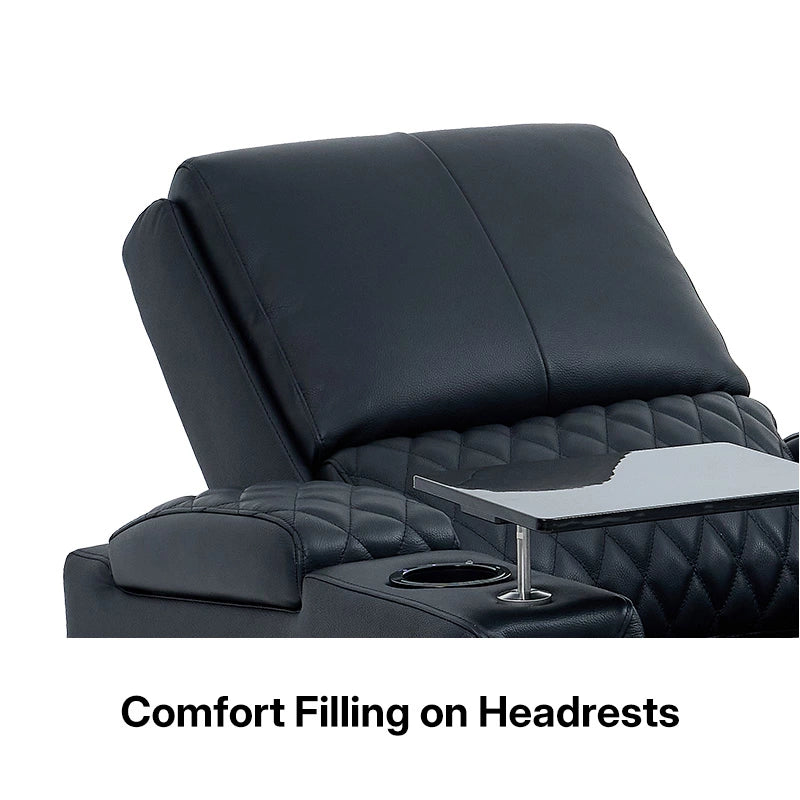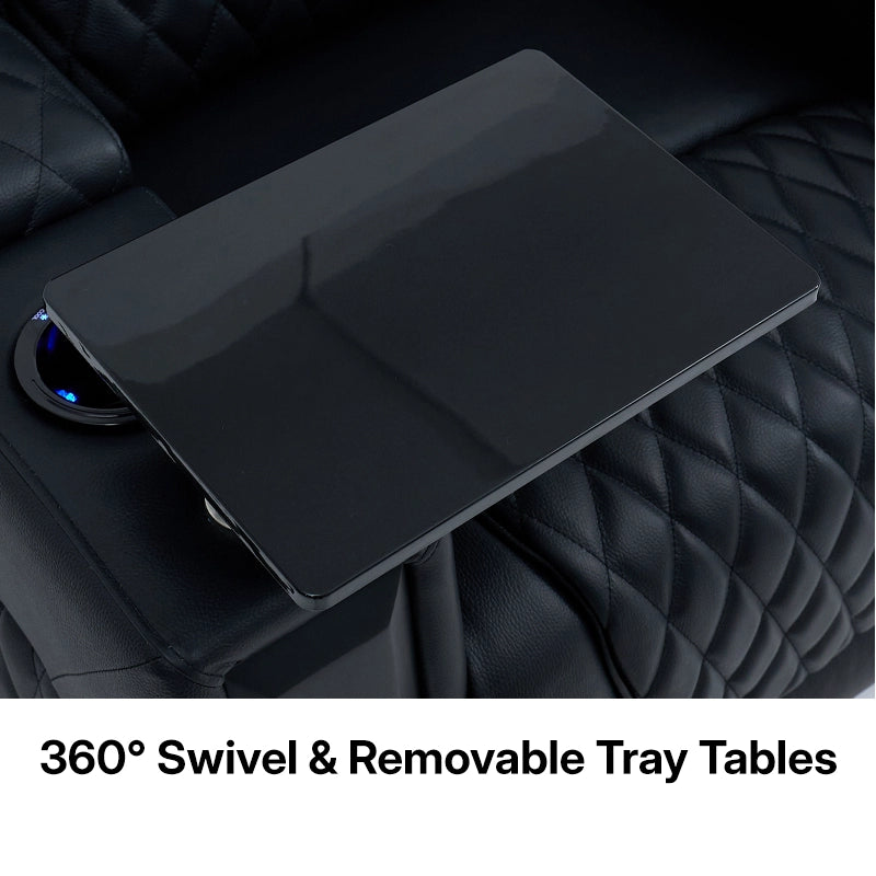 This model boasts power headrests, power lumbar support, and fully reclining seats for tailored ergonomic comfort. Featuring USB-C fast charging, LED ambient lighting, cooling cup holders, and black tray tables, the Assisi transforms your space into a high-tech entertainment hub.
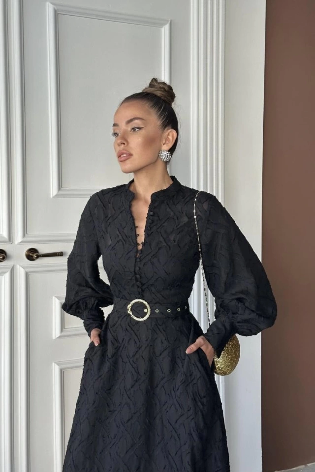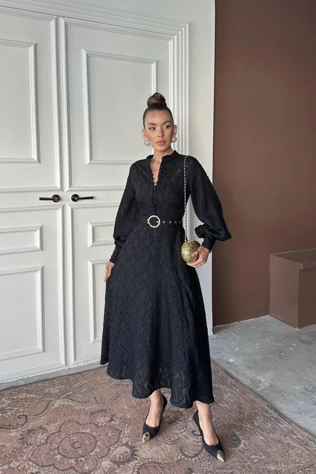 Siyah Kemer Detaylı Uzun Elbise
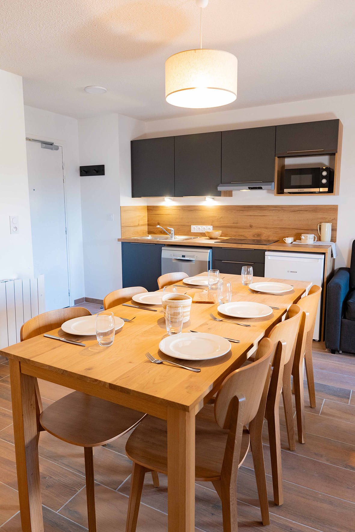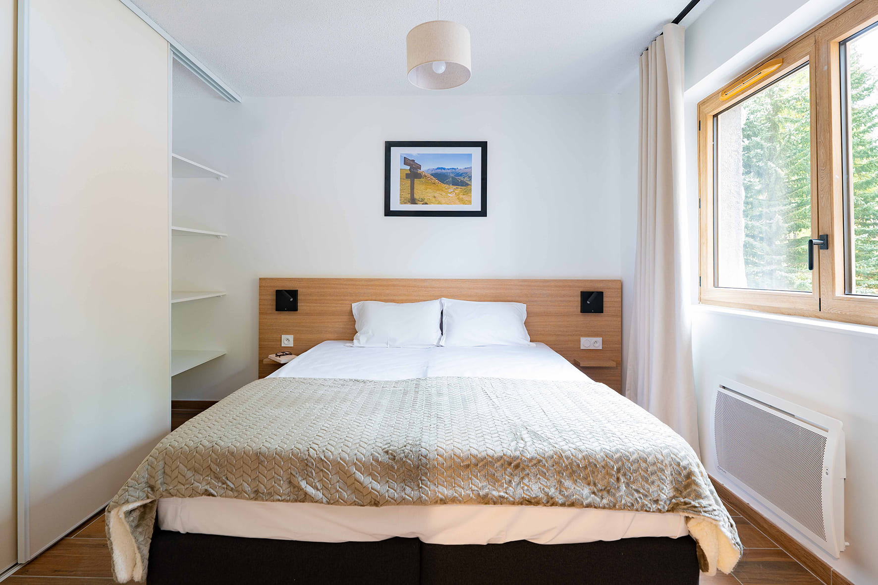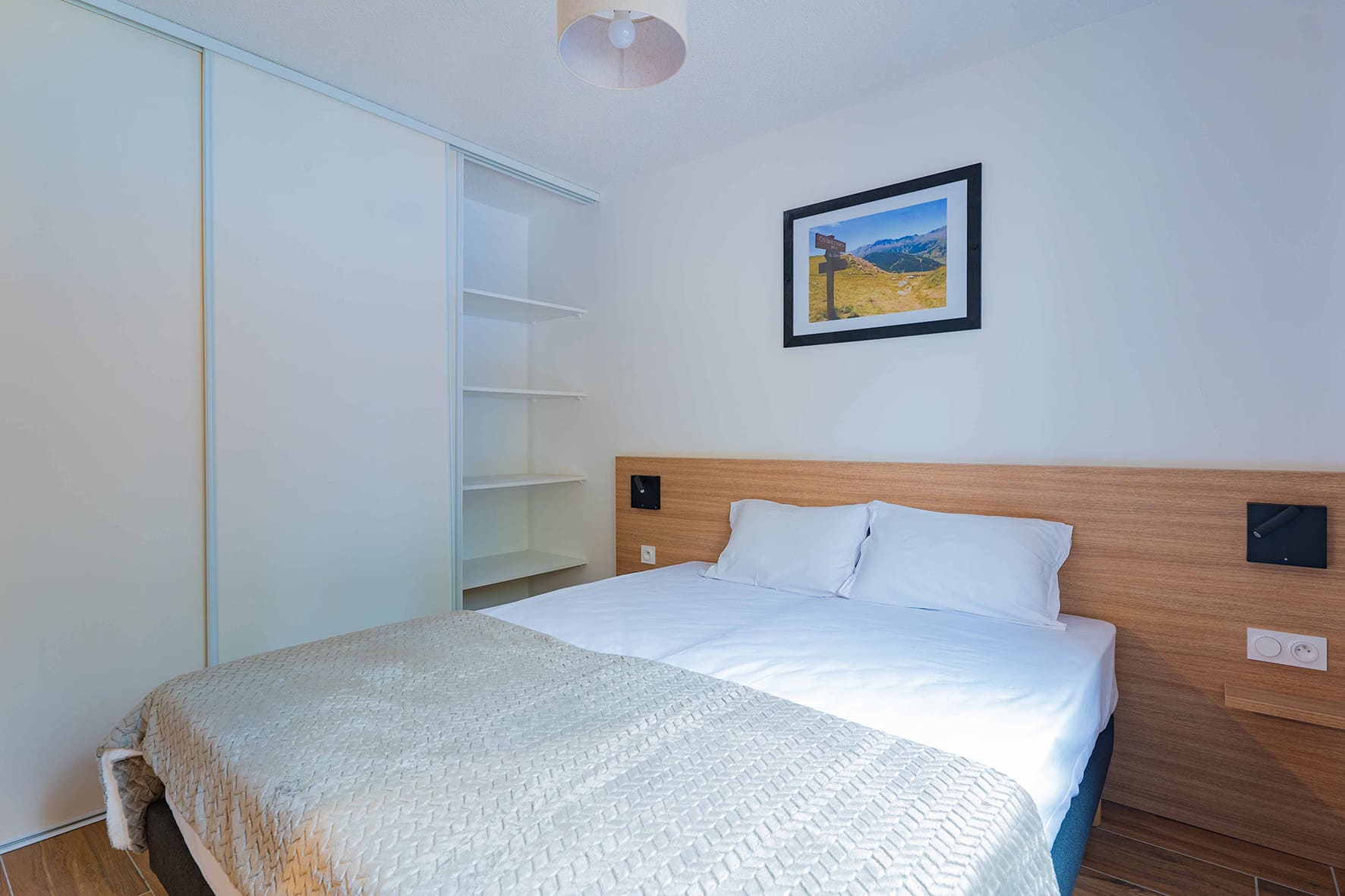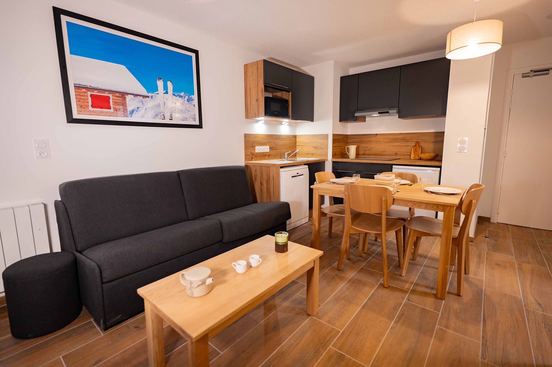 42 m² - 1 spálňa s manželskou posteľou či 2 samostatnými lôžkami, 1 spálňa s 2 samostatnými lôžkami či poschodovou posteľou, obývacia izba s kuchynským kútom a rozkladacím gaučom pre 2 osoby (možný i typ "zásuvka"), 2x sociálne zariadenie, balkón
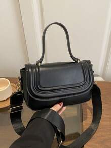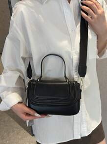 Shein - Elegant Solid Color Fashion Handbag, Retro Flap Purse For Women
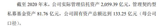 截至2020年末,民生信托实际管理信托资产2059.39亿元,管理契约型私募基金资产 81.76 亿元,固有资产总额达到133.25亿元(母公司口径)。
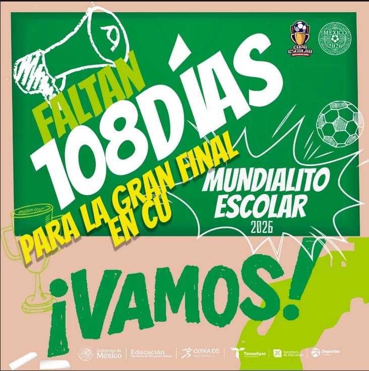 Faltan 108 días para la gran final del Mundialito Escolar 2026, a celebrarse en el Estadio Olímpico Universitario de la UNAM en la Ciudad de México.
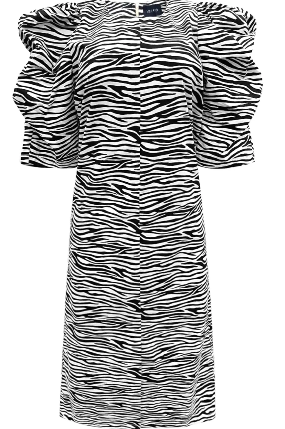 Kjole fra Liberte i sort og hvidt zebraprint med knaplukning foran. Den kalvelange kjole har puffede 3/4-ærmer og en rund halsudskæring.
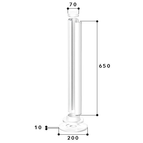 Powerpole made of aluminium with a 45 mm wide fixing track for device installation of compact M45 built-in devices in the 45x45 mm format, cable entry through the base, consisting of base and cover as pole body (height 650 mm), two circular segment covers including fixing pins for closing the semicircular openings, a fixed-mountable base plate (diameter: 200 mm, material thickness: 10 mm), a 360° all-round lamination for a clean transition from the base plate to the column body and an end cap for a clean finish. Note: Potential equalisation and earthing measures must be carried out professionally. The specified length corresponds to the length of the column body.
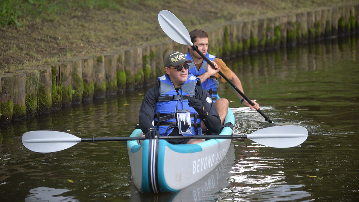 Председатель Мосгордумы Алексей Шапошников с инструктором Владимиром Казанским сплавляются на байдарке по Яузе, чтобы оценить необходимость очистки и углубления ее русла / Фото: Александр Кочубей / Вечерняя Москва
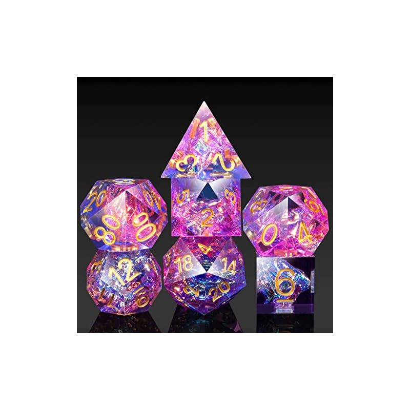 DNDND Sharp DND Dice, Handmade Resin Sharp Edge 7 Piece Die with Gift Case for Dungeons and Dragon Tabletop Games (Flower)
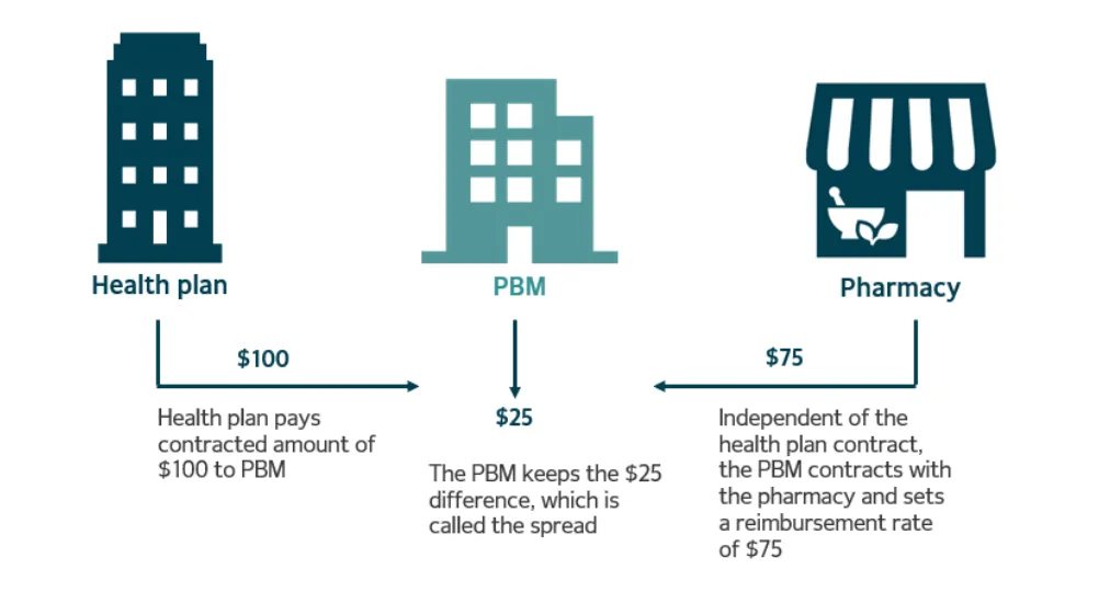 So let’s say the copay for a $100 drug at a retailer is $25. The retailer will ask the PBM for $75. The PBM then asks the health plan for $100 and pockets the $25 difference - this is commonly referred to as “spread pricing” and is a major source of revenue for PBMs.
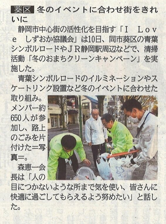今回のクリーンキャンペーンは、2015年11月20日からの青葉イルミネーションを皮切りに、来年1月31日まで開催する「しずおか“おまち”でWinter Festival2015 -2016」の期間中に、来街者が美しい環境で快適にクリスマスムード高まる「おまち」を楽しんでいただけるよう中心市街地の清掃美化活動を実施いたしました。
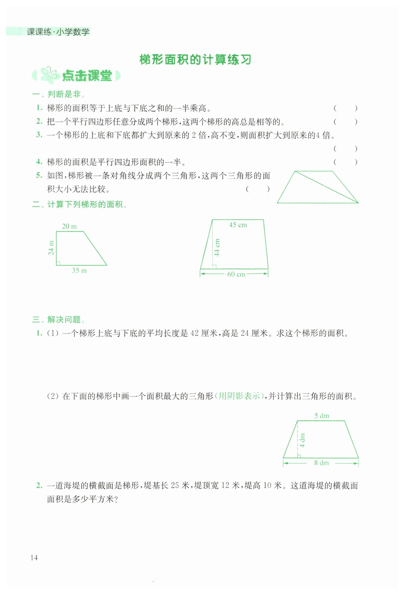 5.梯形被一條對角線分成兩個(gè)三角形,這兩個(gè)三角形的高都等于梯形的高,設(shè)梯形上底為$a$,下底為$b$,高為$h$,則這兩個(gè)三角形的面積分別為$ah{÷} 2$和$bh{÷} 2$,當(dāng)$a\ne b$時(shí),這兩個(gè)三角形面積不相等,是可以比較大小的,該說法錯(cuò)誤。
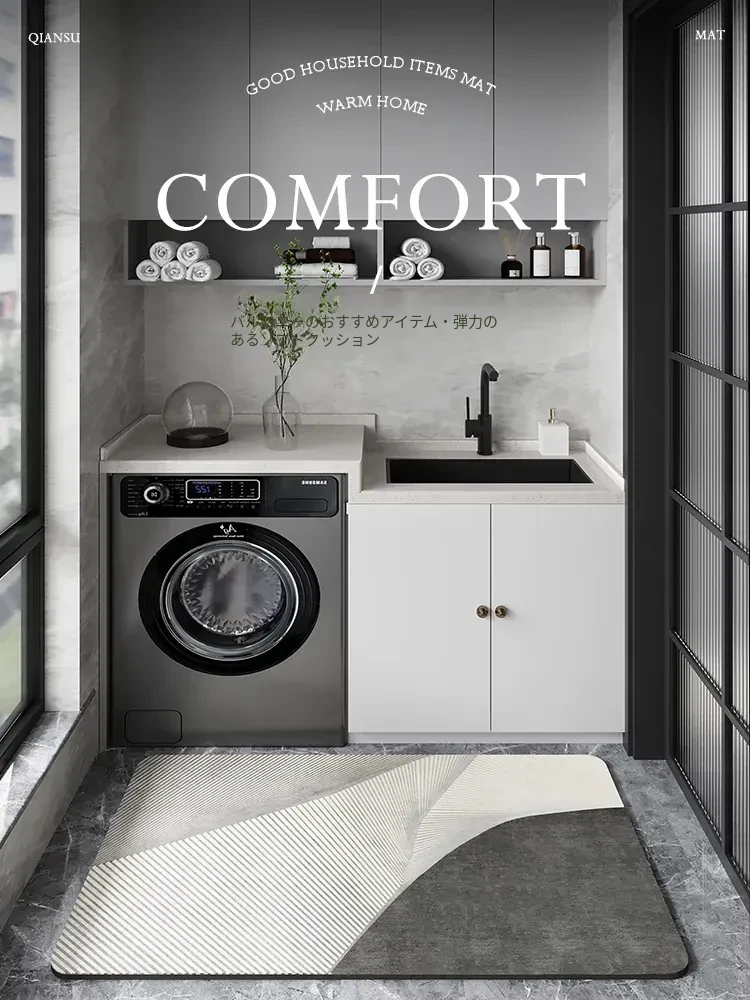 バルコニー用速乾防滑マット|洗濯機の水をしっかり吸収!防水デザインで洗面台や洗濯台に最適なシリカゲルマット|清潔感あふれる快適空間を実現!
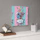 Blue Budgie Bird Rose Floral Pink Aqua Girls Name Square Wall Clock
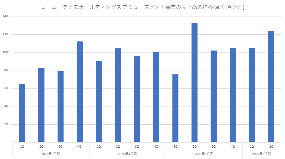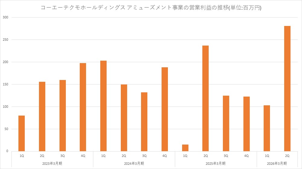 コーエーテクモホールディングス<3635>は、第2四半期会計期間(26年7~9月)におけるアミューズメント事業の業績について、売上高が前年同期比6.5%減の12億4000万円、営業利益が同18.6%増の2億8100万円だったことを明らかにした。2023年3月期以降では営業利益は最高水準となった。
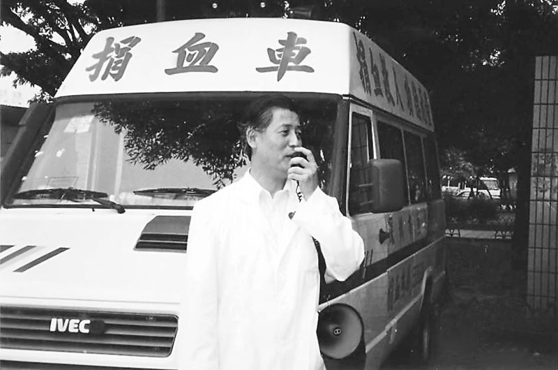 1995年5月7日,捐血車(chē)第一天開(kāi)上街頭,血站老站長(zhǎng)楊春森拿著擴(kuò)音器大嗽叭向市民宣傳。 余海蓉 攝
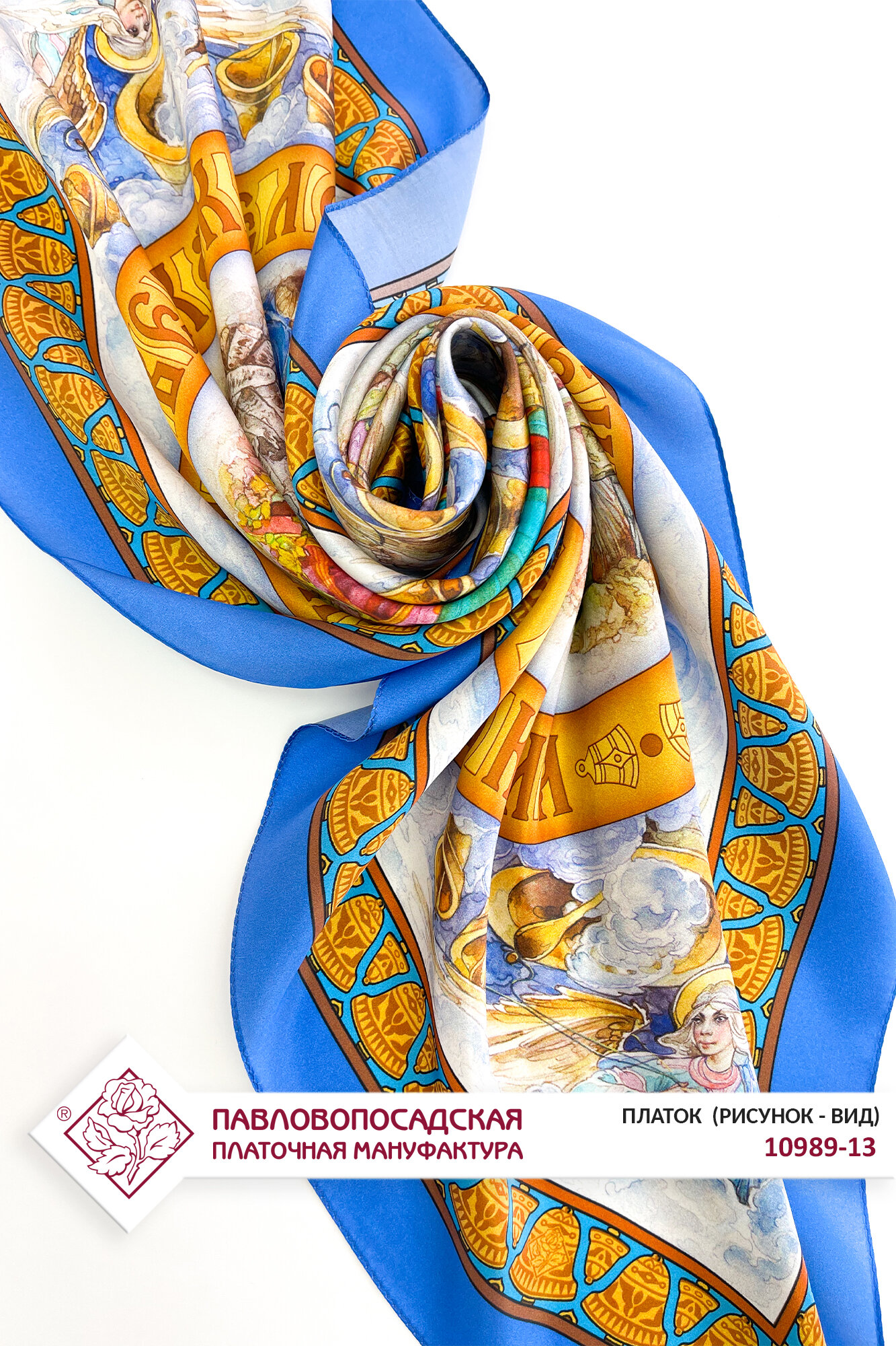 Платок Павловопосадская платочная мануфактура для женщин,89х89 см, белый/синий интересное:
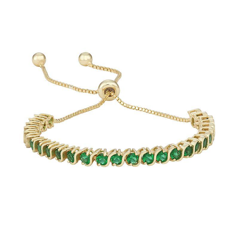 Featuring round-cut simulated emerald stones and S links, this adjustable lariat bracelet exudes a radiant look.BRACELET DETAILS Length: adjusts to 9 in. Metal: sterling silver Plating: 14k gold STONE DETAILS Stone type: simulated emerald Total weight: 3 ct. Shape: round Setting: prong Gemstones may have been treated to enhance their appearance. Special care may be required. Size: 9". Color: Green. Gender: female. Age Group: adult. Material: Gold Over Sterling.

> **Task prompt**: All of the entries must be reproduced exactly, with no pictures kept.

> **Reply**:
 This model boasts power headrests, power lumbar support, and fully reclining seats for tailored ergonomic comfort. Featuring USB-C fast charging, LED ambient lighting, cooling cup holders, and black tray tables, the Assisi transforms your space into a high-tech entertainment hub.
 Siyah Kemer Detaylı Uzun Elbise
 42 m² - 1 spálňa s manželskou posteľou či 2 samostatnými lôžkami, 1 spálňa s 2 samostatnými lôžkami či poschodovou posteľou, obývacia izba s kuchynským kútom a rozkladacím gaučom pre 2 osoby (možný i typ "zásuvka"), 2x sociálne zariadenie, balkón
 Shein - Elegant Solid Color Fashion Handbag, Retro Flap Purse For Women
 截至2020年末,民生信托实际管理信托资产2059.39亿元,管理契约型私募基金资产 81.76 亿元,固有资产总额达到133.25亿元(母公司口径)。
 Faltan 108 días para la gran final del Mundialito Escolar 2026, a celebrarse en el Estadio Olímpico Universitario de la UNAM en la Ciudad de México.
 Kjole fra Liberte i sort og hvidt zebraprint med knaplukning foran. Den kalvelange kjole har puffede 3/4-ærmer og en rund halsudskæring.
 Powerpole made of aluminium with a 45 mm wide fixing track for device installation of compact M45 built-in devices in the 45x45 mm format, cable entry through the base, consisting of base and cover as pole body (height 650 mm), two circular segment covers including fixing pins for closing the semicircular openings, a fixed-mountable base plate (diameter: 200 mm, material thickness: 10 mm), a 360° all-round lamination for a clean transition from the base plate to the column body and an end cap for a clean finish. Note: Potential equalisation and earthing measures must be carried out professionally. The specified length corresponds to the length of the column body.
 Председатель Мосгордумы Алексей Шапошников с инструктором Владимиром Казанским сплавляются на байдарке по Яузе, чтобы оценить необходимость очистки и углубления ее русла / Фото: Александр Кочубей / Вечерняя Москва
 DNDND Sharp DND Dice, Handmade Resin Sharp Edge 7 Piece Die with Gift Case for Dungeons and Dragon Tabletop Games (Flower)
 So let’s say the copay for a $100 drug at a retailer is $25. The retailer will ask the PBM for $75. The PBM then asks the health plan for $100 and pockets the $25 difference - this is commonly referred to as “spread pricing” and is a major source of revenue for PBMs.
今回のクリーンキャンペーンは、2015年11月20日からの青葉イルミネーションを皮切りに、来年1月31日まで開催する「しずおか“おまち”でWinter Festival2015 -2016」の期間中に、来街者が美しい環境で快適にクリスマスムード高まる「おまち」を楽しんでいただけるよう中心市街地の清掃美化活動を実施いたしました。
 5.梯形被一條對角線分成兩個(gè)三角形,這兩個(gè)三角形的高都等于梯形的高,設(shè)梯形上底為$a$,下底為$b$,高為$h$,則這兩個(gè)三角形的面積分別為$ah{÷} 2$和$bh{÷} 2$,當(dāng)$a\ne b$時(shí),這兩個(gè)三角形面積不相等,是可以比較大小的,該說法錯(cuò)誤。
 バルコニー用速乾防滑マット|洗濯機の水をしっかり吸収!防水デザインで洗面台や洗濯台に最適なシリカゲルマット|清潔感あふれる快適空間を実現!
 Blue Budgie Bird Rose Floral Pink Aqua Girls Name Square Wall Clock
 コーエーテクモホールディングス<3635>は、第2四半期会計期間(26年7~9月)におけるアミューズメント事業の業績について、売上高が前年同期比6.5%減の12億4000万円、営業利益が同18.6%増の2億8100万円だったことを明らかにした。2023年3月期以降では営業利益は最高水準となった。
 1995年5月7日,捐血車(chē)第一天開(kāi)上街頭,血站老站長(zhǎng)楊春森拿著擴(kuò)音器大嗽叭向市民宣傳。 余海蓉 攝
 Платок Павловопосадская платочная мануфактура для женщин,89х89 см, белый/синий интересное:
 Featuring round-cut simulated emerald stones and S links, this adjustable lariat bracelet exudes a radiant look.BRACELET DETAILS Length: adjusts to 9 in. Metal: sterling silver Plating: 14k gold STONE DETAILS Stone type: simulated emerald Total weight: 3 ct. Shape: round Setting: prong Gemstones may have been treated to enhance their appearance. Special care may be required. Size: 9". Color: Green. Gender: female. Age Group: adult. Material: Gold Over Sterling.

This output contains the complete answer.